Uganda, rebels agree local justice for war crimes
KAMPALA, July 2 (Reuters) - Uganda has agreed to handle war crimes committed by northern rebels internally, moving closer to protecting insurgent leaders from international arrest warrants they say will prevent them from signing a final peace deal.
In an accord signed over the weekend by Uganda's government and the Lord's Resistance Army (LRA), Kampala stops short of promising to shelter rebel leaders from war crimes indictments issued by the International Criminal Court (ICC) in The Hague.
But the agreement -- the third in a five-stage deal to end one of Africa's longest wars -- says Uganda has "national laws capable of addressing the human rights violations during the conflict", according to a copy seen by Reuters on Monday.
The ICC has issued warrants for LRA leader Joseph Kony, his deputy commander Vincent Otti, and two other senior rebels for mass murder, mutilation and using child soldiers in the 20-year war, which has been on hold since a truce last August.
But Otti said the rebels would move no further towards a final peace deal until the ICC is called off.
"Now we've signed this, we want to see progress on the government side with the ICC. The government now should go to the ICC and get them to withdraw the warrants," Otti told Reuters by satellite phone from his Congolese jungle hideout.
"We shall go for national reconciliation only after the indictments have been withdrawn. We shall see about penalties and national courts later."
The Ugandan government has argued the LRA's only hope of avoiding the ICC warrants was to sign a deal, undergo national tribunals for crimes, and then approach the international court's judges.
"ALTERNATIVE JUSTICE"
The weekend agreement is vague on punishment and the government only promises to "address conscientiously the question of the ICC arrest warrants relating to the leaders of the LRA".
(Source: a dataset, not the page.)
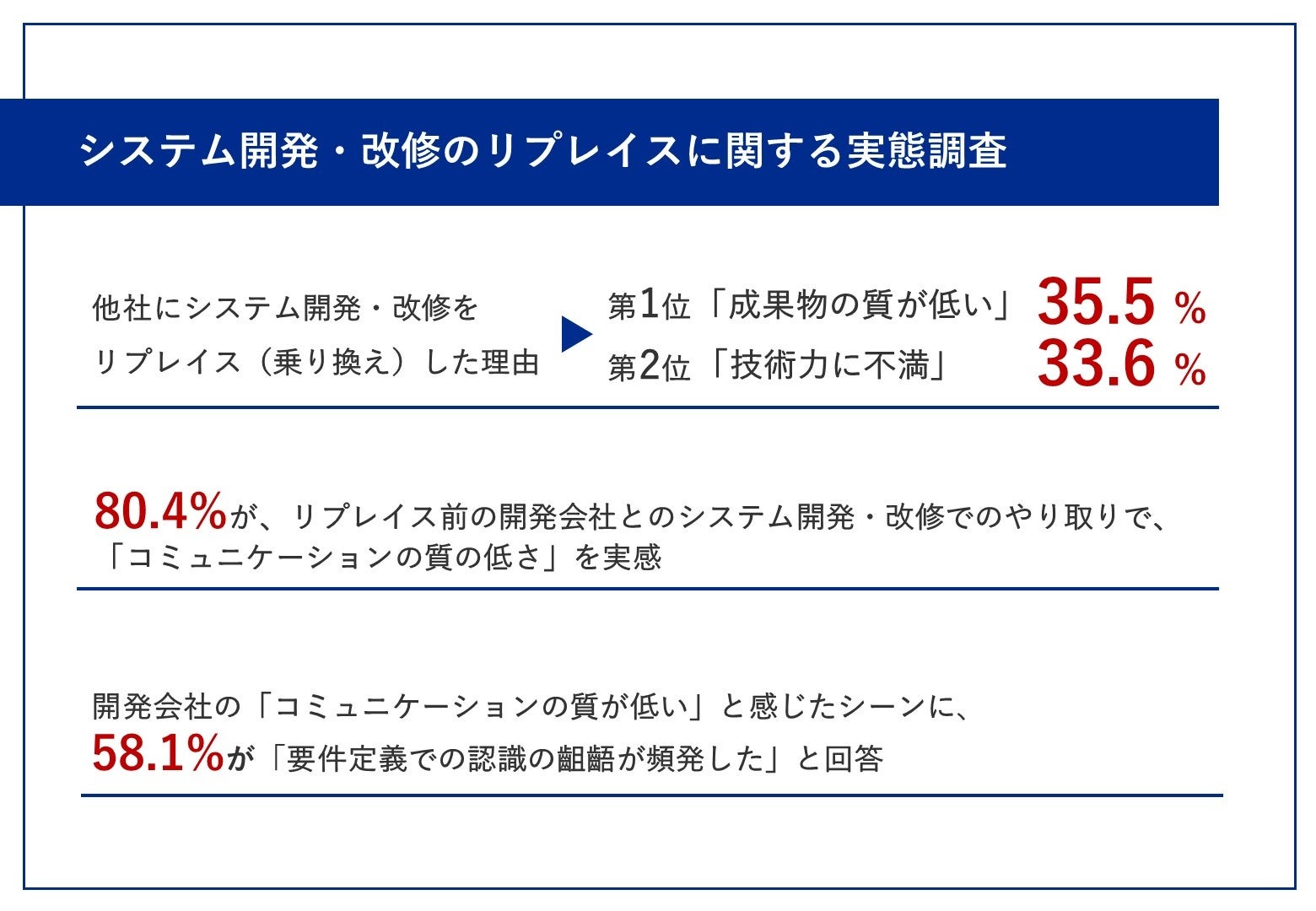 【システム開発・改修のリプレイス企業担当者に聞く】8割強が「元々の開発会社のコミュニケーションの質の低さ」を実感!リプレイス理由、第2位「技術力に不満」を抑え、第1位は・・?

ICC officials were not immediately available for comment.
The deal outlines "alternative justice mechanisms" to promote reconciliation and traditional justice processes.
Traditional leaders from Kony's Acholi tribe, who have borne the brunt of the conflict, want the LRA undergo a "Mato Oput" reconciliation ritual, where victims effectively forgive a murderer after he admits his crime and pays compensation.
Human rights groups reject that, saying a credible process must dish out harsher penalties.
The new agreement hints that punishments for grave crimes, many of which carry the death sentence in Uganda, will be softer or suspended for the sake of national reconciliation.
"Formal courts and tribunals established by law shall ... introduce a regime of alternative penalties (to) ... replace existing penalties," it said.
In neighbouring Rwanda, traditional "gacaca" courts trying people suspected of involvement in the 1994 genocide have been criticised for being slow and biased.